そろそろこの銀魂高校でも文化祭のシーズンだ。
「ハイ、じゃあそーゆーことで、ウチの出し物はお化け屋敷に決定な」
「センセー、客が来なかったらどうするアルか?ずっと休憩アルか?」
「オマエお化け屋敷ナメんな?どこの遊園地行っても大体お化け屋敷とジェットコースターは90分待ちとか言われんだよ」
「でも私モノホンのおばけとか見たことないヨ。
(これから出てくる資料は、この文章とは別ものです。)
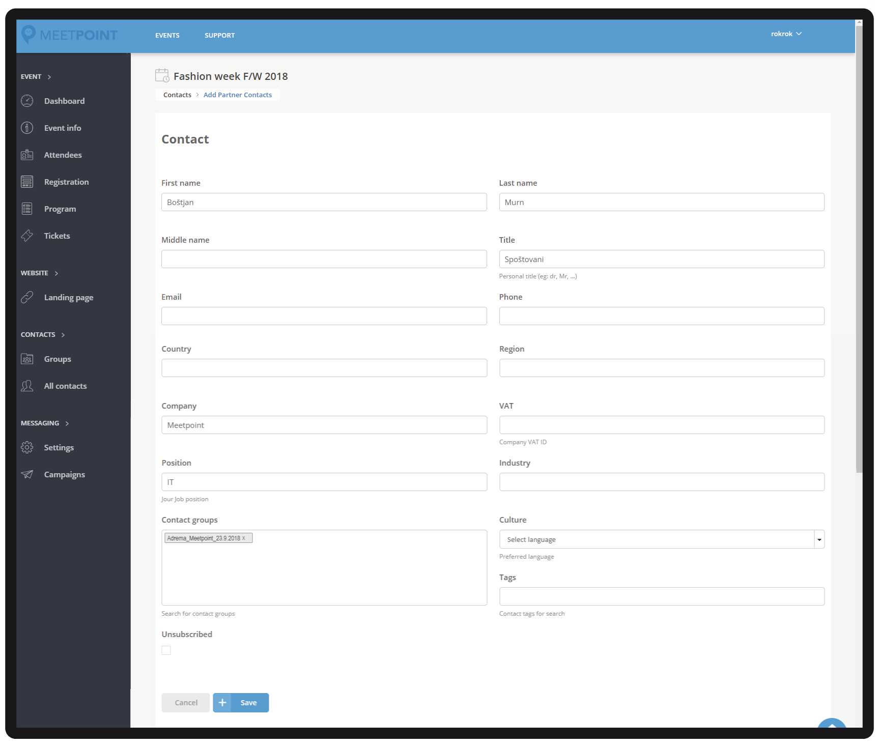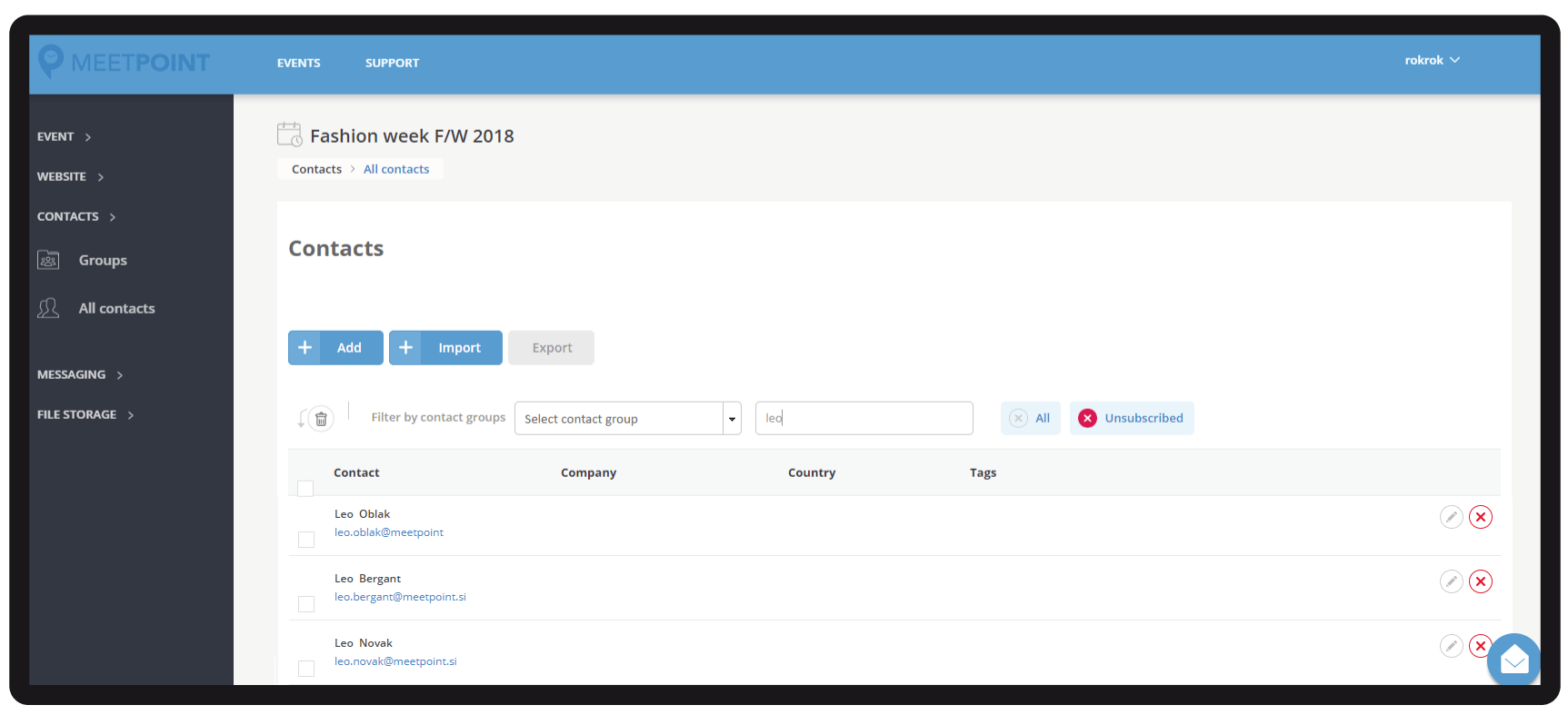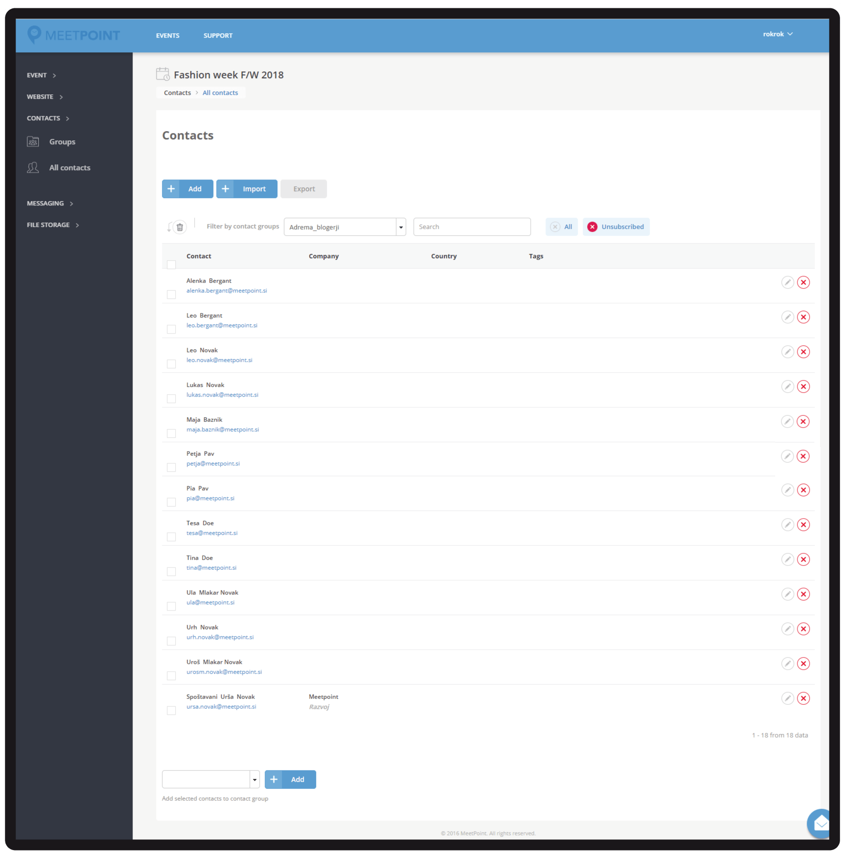 V PARTNER CONTACTS, so vse osebe, ki se nanašajo na določen account (ko vstopiš v aplikacijo – npr. če imamo več dogodkov, so tu zbrani vsi kontakti, ki smo jih kadarkoli dodali v ta account). V partner contacts lahko osebe iščemo in jih tudi urejamo. Urejamo jih s svinčnikom, izbrišemo jih s križcem. Kontakte lahko iščemo po filtrih – grupah, po mailih, imenih itd. Kontakte lahko izvozimo (gumb EXPORT) – npr. če izberemo vse, brez filtra in kliknemo excel, se nam avtomatično naredi excel, ki vsebuje podatke za določene osebe.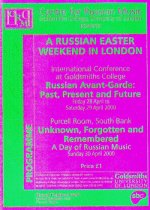 This elaborate event was a sequel to the Rimsky-Korsakov conference and concerts organised by Goldsmiths Centre for Russian Music with South Bank Centre last year. A two-day conference brought together worldwide academic expertise for a packed programme of lectures, seminars and concert presentations. There was also a round table discussion at the Purcell Room about Russian Music in the Millennium, but the experts were visibly reluctant to take up the generalisations about the state of musical composition in Russia itself now, or about the effects of the recent Russian 'Diaspora' posed by the chairman, Norman Lebrecht.Sampling but two of the wide ranging sessions at Goldsmiths, I heard Chris Dempsey unravelling surviving fragments of a famous Futurist opera, Victory over the Sun; Daniel Jaffe, author of Phaidon's book on Prokofiev, discussing the composer's experimentation during 1915-29, and Noelle Mann, Curator of the Prokofiev and Schnittke archives, who gave a fascinating talk about the young Prokofiev's constant striving for originality, and his battles with the incomprehension of his aims in the Love of Three Oranges, drawing upon letters in the Archive. Those were the sorts of talk with which the BBC Third Programme used to enlighten and entertain us, before we were 'dumbed down' with a diet of 'interviews', which satisfy today's short attention spans for serious discussion. Elena Firsova presented her Mandelstam Cantata Before the Thunderstorm, recorded at a recent celebration concert of her music at RAM, available now on the Meladina Record label (Enquiries to dmitrismirnov@lineone.net).

真に迫ってないお化け屋敷には人が来ないと思うネ」
「言っちゃったよ、始める前から言っちゃったよ。それにアレだ。もしアレなら土方がこう…なんとかしてくれる」
「なんで俺!?」
「そうでさァ。土方さんはお化けが怖くて仕方がないから、きっとシフトの時間も出口で景品配るくらいしかできませんぜ」
「あながち間違ってねえから言い返せないのがムカつく!!」
みんなの前で墓穴を掘ってしまった自分を叱責しつつ窓の外を見る。
もう秋だと言ってもいい暦に逆らうように、大きな積乱雲がその存在を主張していた。
眩しい太陽に目を細める。
スズメが2羽、仲良さそうに飛んでいった。